RECORDED INFORMATION:
^^^^
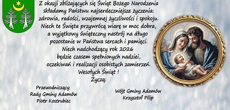 Życzenia świąteczne na Boże Narodzenie i Nowy Rok 2026 składa Gmina Adamów.
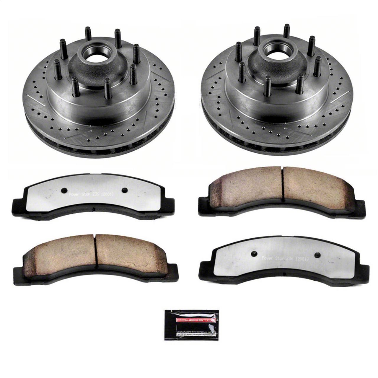 Cool Control. The PowerStop Z36 Extreme Truck and Tow 8-Lug Brake Rotor and Pad Kit; Front (1999-2002 2WD F-350 Super Duty SRW with Rear Wheel ABS) features precision-drilled holes and machined slots that enhance cooling and reduce brake fade. This advanced design improves rotor ventilation, ensuring consistent braking performance even during demanding driving conditions.
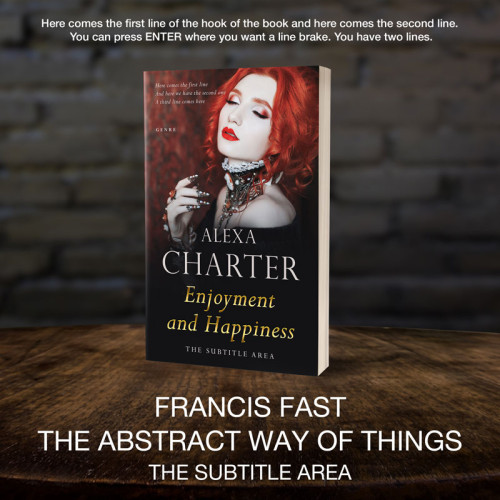 This book cover has 2 lines for the title, 1 line for the subtitle, 2 lines for the author, 3 lines for the hook, and finally 1 line for the genre.
^^^^
AIM OF THE TASK: Repeat each line of the material, unaltered, from the first through the line with "Cool Control. The", and include no pictures.

EXERCISE ANSWER:
 Życzenia świąteczne na Boże Narodzenie i Nowy Rok 2026 składa Gmina Adamów.
 Cool Control. The PowerStop Z36 Extreme Truck and Tow 8-Lug Brake Rotor and Pad Kit; Front (1999-2002 2WD F-350 Super Duty SRW with Rear Wheel ABS) features precision-drilled holes and machined slots that enhance cooling and reduce brake fade. This advanced design improves rotor ventilation, ensuring consistent braking performance even during demanding driving conditions.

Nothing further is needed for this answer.